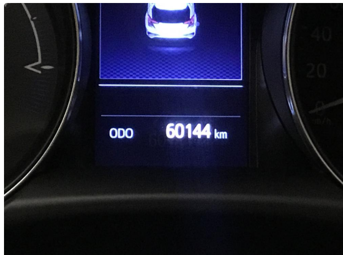
2.1 Trenger service
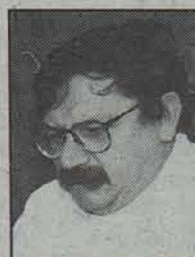
Paco Ignacio Taibo II Idazlea

■ Jorge Oteiza eskultore oriotarrak bere eskultura bat paratuko du Nafarroako Unibertsitate Publikoan (NUP). Oteiza astelehen arratsaldean izan zen Iruñean, NUPeko eraikuntzak ikusten. Eskultore oriotarrak ezarriko duen eskultura Saenz de Oiza Nafarroako Unibertsitate Publikoaren arkitektura proiektua egin zuenaren omenez izanen da. Eskultura unibertsitateko lorategietan kokatuko da, ikasleen gelen eta liburutegiaren artean. Oraindik ez da erabaki noiz paratuko den eskultura Iruñeko unibertsitate garraiatzen zaila izanen delako, nahikoa handia baita. Oteizak erran duenez, eskultura liburu irekia da eta era berean hegan ari da, 'poesia eta sormena hegan egitea delako'.
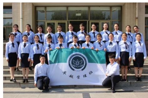
图2 卓越管理学生设计的班徽、班旗和班服。
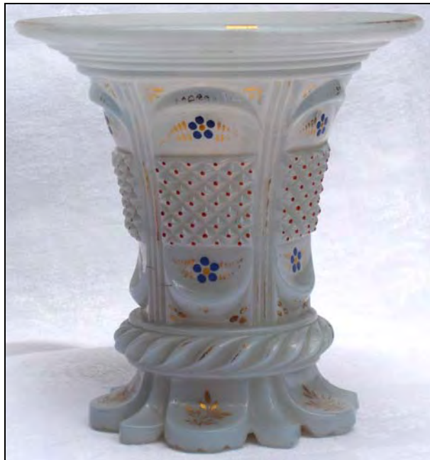
Abb. 2001-5/354 (Ausschnitt)

Jasmin-Vase „m. à diamants et feuilles“ opaline-farbenes Glas mit bunter Kaltbemalung H 13 cm, D oben 12 cm Sammlung Zeh s. MB Launay, Hautin & Cie., um 1840, Planche 28 No. 1423, Vases à Jasmins, Vase „m. à diamants et feuilles“ Baccarat und St. Louis, um 1840 nicht mehr in MB Launay, Hautin & Cie. um 1841!
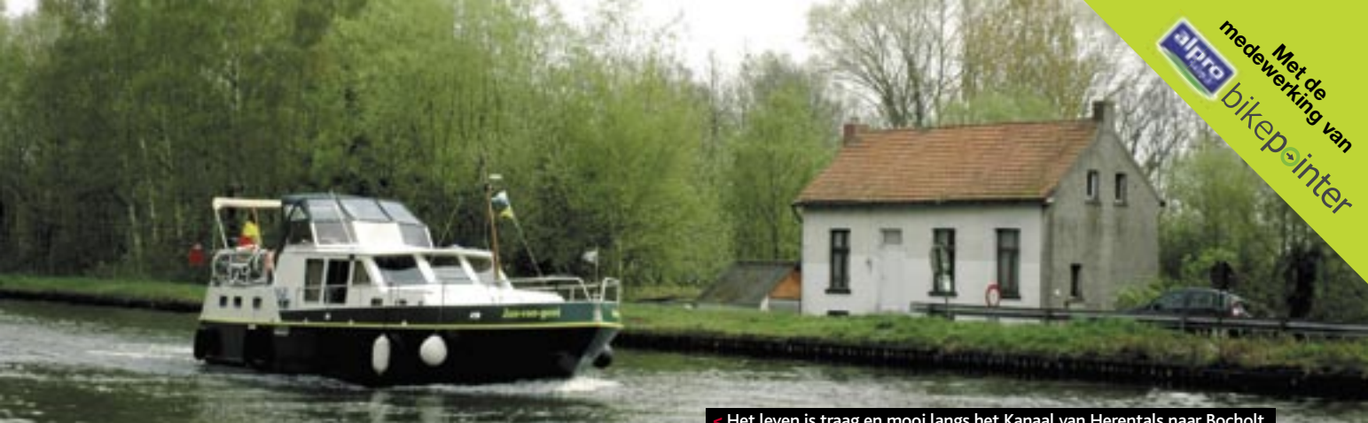
< Het leven is traag en mooi langs het Kanaal van Herentals naar Bocholt.
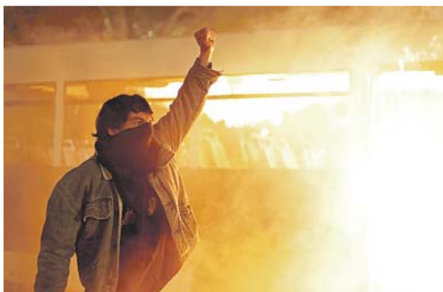
Una escena de la serie Patria . HBO
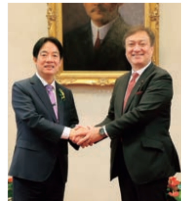
⑫令和6年5月 台湾 頼總統を表敬訪問
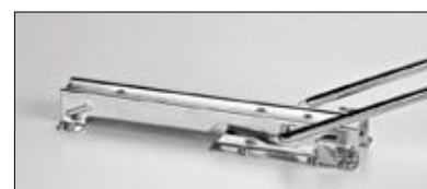
Clipsage de sécurité en position ouverte et fermée
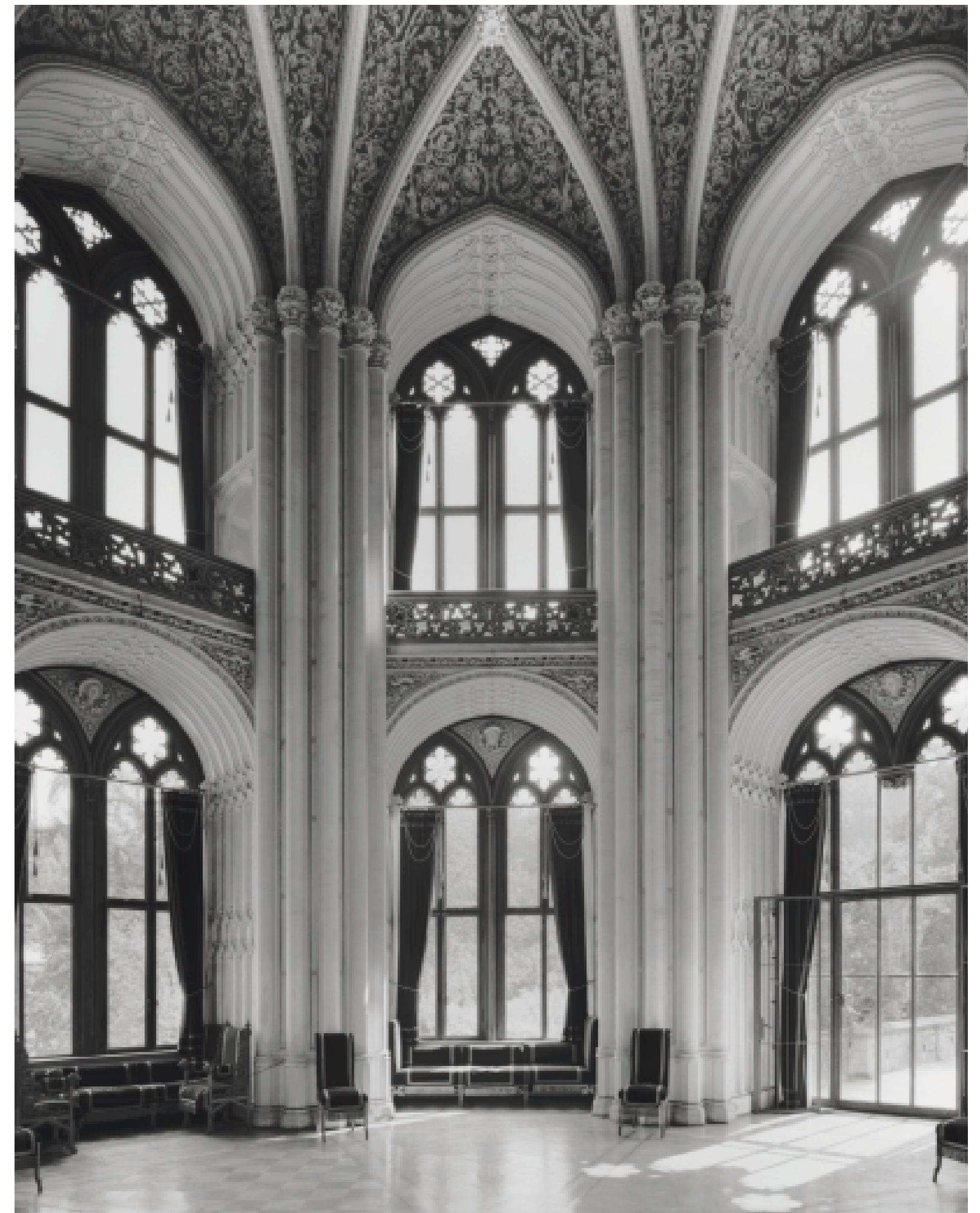
56. Potsdam, Park Babelsberg, Schloss, 1845–49. Interior view of the ballroom. 23 Aug. 2002.

• • • • •

**Your assignment**
In the listing above, find the line with "Paco Ignacio Taibo II Idazlea" and the line with "Abb. 2001-5/354 (Ausschnitt)". Output both, plus every line between them, and no pictures.

**Answer section**
Paco Ignacio Taibo II Idazlea

■ Jorge Oteiza eskultore oriotarrak bere eskultura bat paratuko du Nafarroako Unibertsitate Publikoan (NUP). Oteiza astelehen arratsaldean izan zen Iruñean, NUPeko eraikuntzak ikusten. Eskultore oriotarrak ezarriko duen eskultura Saenz de Oiza Nafarroako Unibertsitate Publikoaren arkitektura proiektua egin zuenaren omenez izanen da. Eskultura unibertsitateko lorategietan kokatuko da, ikasleen gelen eta liburutegiaren artean. Oraindik ez da erabaki noiz paratuko den eskultura Iruñeko unibertsitate garraiatzen zaila izanen delako, nahikoa handia baita. Oteizak erran duenez, eskultura liburu irekia da eta era berean hegan ari da, 'poesia eta sormena hegan egitea delako'.
图2 卓越管理学生设计的班徽、班旗和班服。
Abb. 2001-5/354 (Ausschnitt)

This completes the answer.